_STORED DATA_:
/---

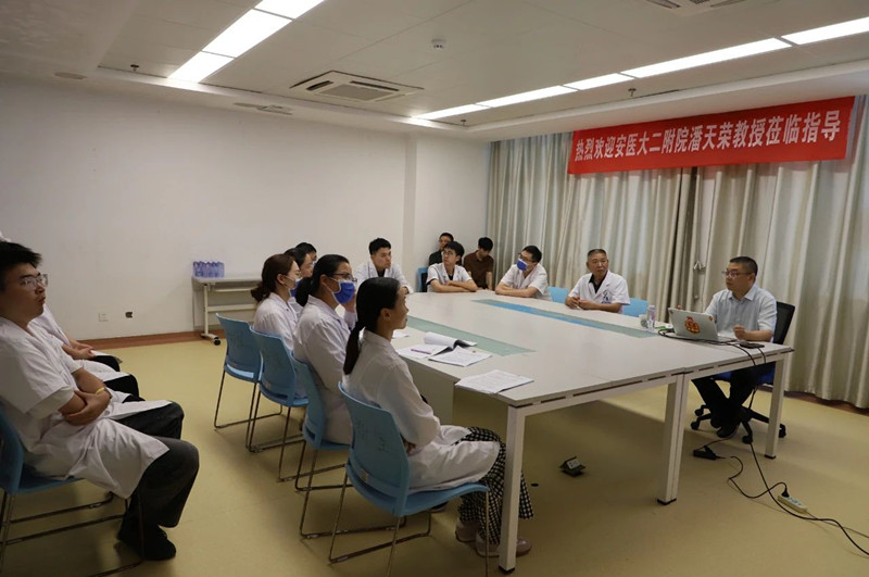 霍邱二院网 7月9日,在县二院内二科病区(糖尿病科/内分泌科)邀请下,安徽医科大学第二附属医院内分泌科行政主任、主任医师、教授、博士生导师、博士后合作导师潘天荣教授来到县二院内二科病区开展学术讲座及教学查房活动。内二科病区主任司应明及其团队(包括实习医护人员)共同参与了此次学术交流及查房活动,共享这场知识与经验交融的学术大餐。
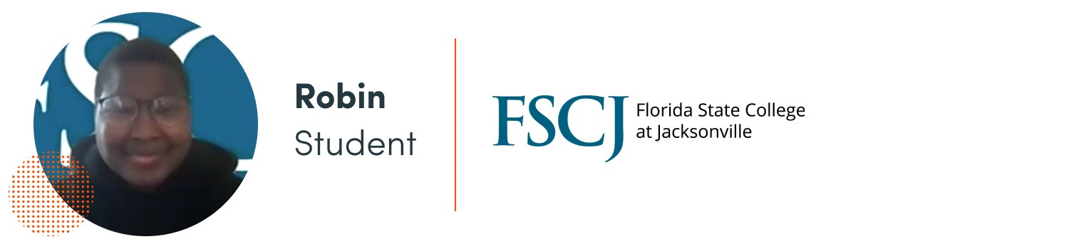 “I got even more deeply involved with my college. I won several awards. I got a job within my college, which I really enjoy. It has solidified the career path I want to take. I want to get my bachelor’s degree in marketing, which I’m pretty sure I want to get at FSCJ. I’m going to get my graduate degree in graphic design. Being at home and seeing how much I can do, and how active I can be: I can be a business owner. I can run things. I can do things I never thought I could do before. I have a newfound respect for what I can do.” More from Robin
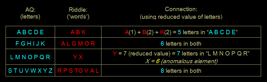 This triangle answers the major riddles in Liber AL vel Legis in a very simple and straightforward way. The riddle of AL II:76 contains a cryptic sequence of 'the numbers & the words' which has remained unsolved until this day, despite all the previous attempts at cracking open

\---
/---

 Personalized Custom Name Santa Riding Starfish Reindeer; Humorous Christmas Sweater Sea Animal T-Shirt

\---
/---

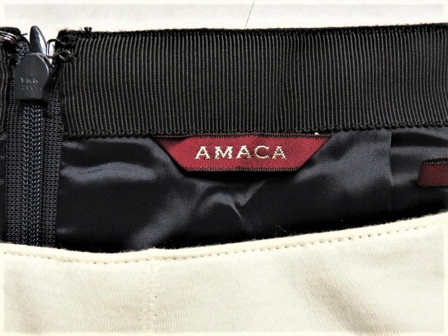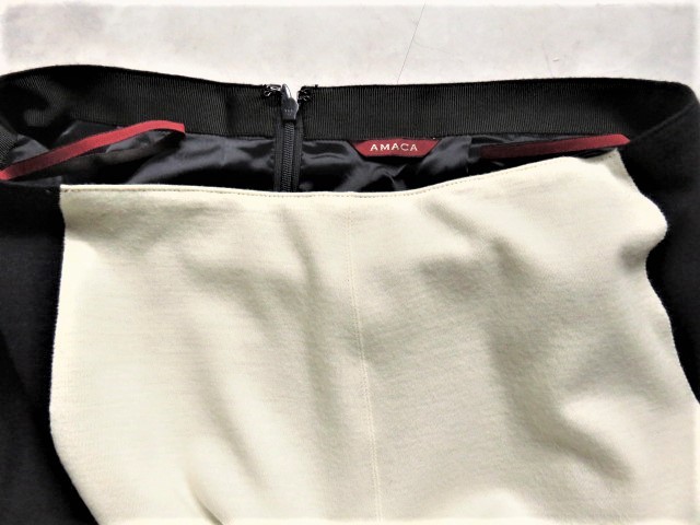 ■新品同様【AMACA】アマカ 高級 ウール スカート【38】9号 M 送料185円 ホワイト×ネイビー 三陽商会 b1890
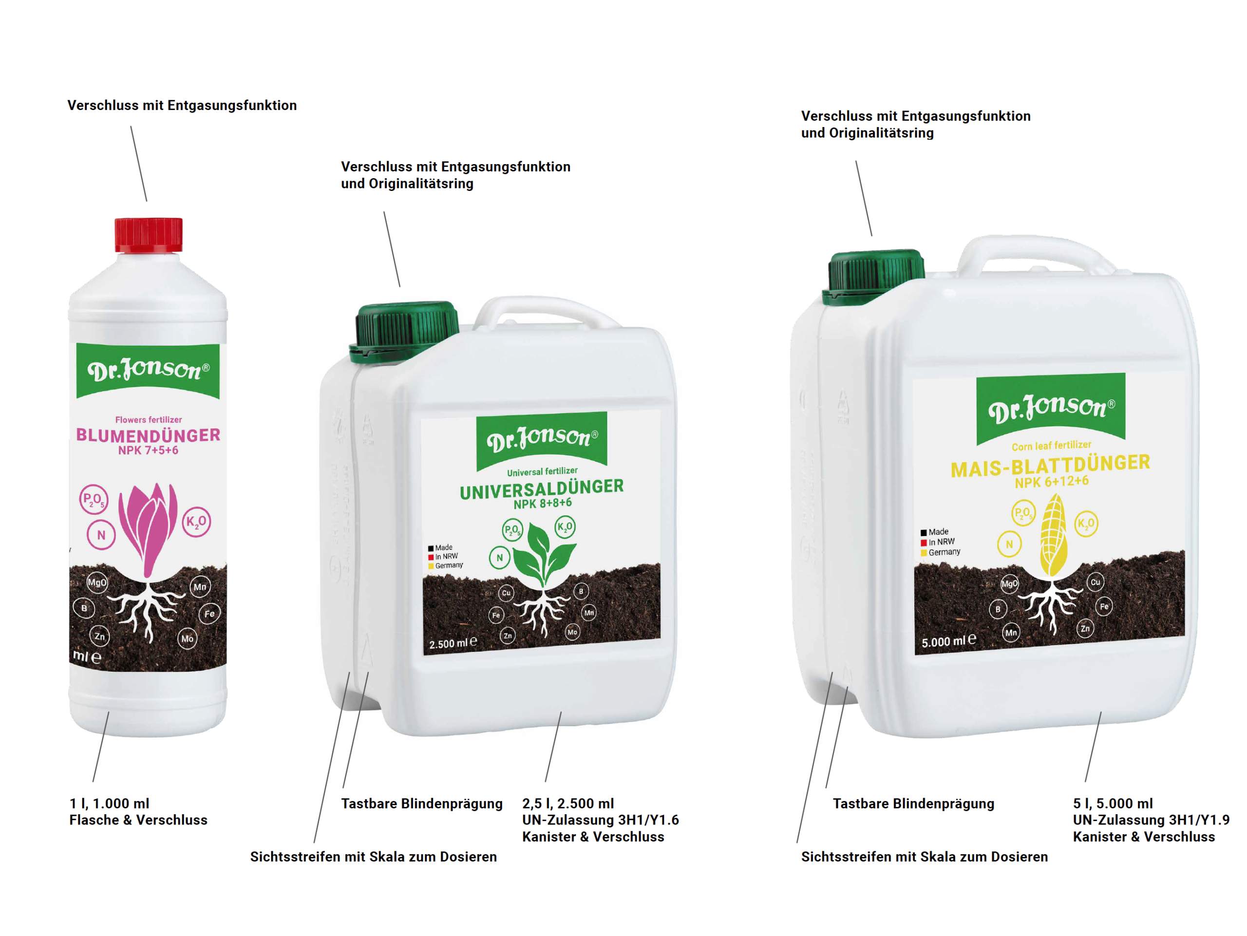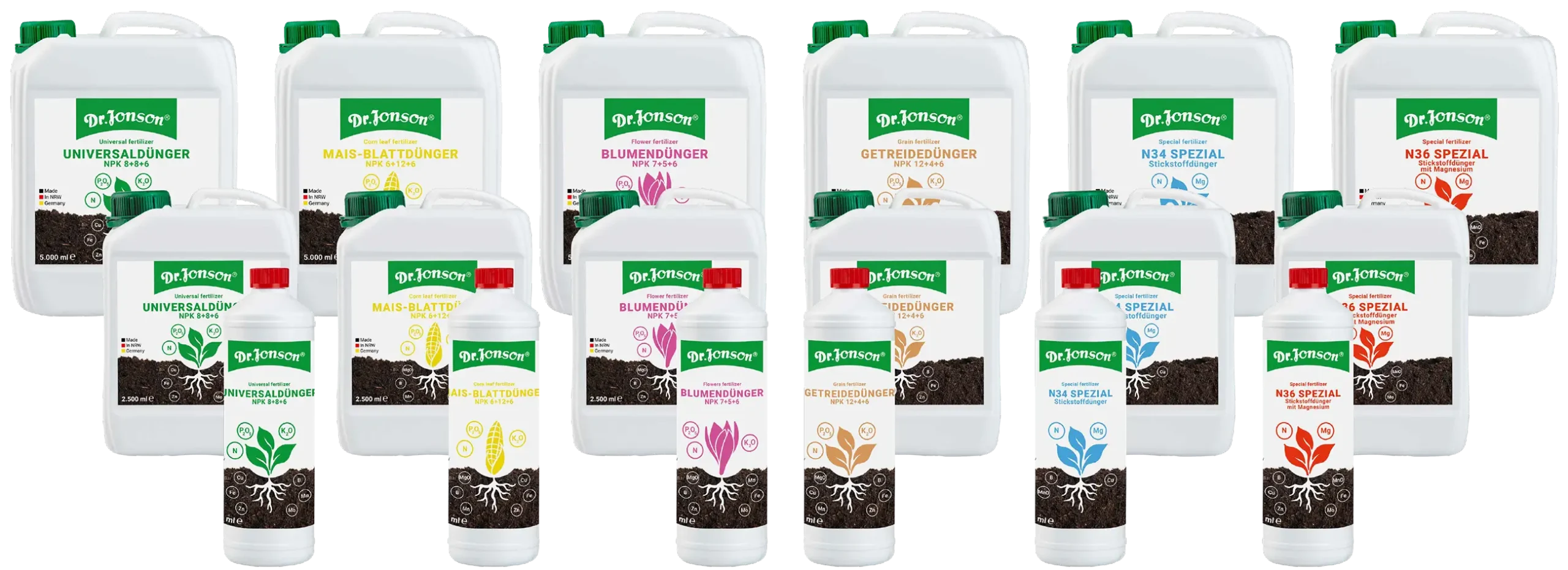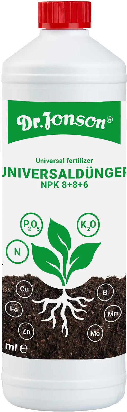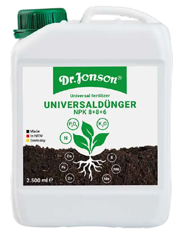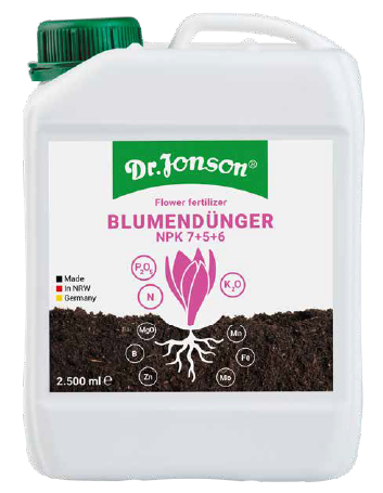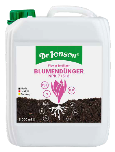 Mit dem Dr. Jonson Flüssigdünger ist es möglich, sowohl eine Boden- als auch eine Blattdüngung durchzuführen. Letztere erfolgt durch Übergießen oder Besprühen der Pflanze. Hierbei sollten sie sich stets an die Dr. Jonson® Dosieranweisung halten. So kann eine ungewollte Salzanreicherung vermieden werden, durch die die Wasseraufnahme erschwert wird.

\---

_YOUR OBJECTIVE_: Start at the line containing "霍邱二院网 7月9日,在县二" above and stop at the line containing "This triangle answers". Output those lines exactly, both included, but none of the pictures.

_TASK OUTPUT_:
 霍邱二院网 7月9日,在县二院内二科病区(糖尿病科/内分泌科)邀请下,安徽医科大学第二附属医院内分泌科行政主任、主任医师、教授、博士生导师、博士后合作导师潘天荣教授来到县二院内二科病区开展学术讲座及教学查房活动。内二科病区主任司应明及其团队(包括实习医护人员)共同参与了此次学术交流及查房活动,共享这场知识与经验交融的学术大餐。
 “I got even more deeply involved with my college. I won several awards. I got a job within my college, which I really enjoy. It has solidified the career path I want to take. I want to get my bachelor’s degree in marketing, which I’m pretty sure I want to get at FSCJ. I’m going to get my graduate degree in graphic design. Being at home and seeing how much I can do, and how active I can be: I can be a business owner. I can run things. I can do things I never thought I could do before. I have a newfound respect for what I can do.” More from Robin
 This triangle answers the major riddles in Liber AL vel Legis in a very simple and straightforward way. The riddle of AL II:76 contains a cryptic sequence of 'the numbers & the words' which has remained unsolved until this day, despite all the previous attempts at cracking open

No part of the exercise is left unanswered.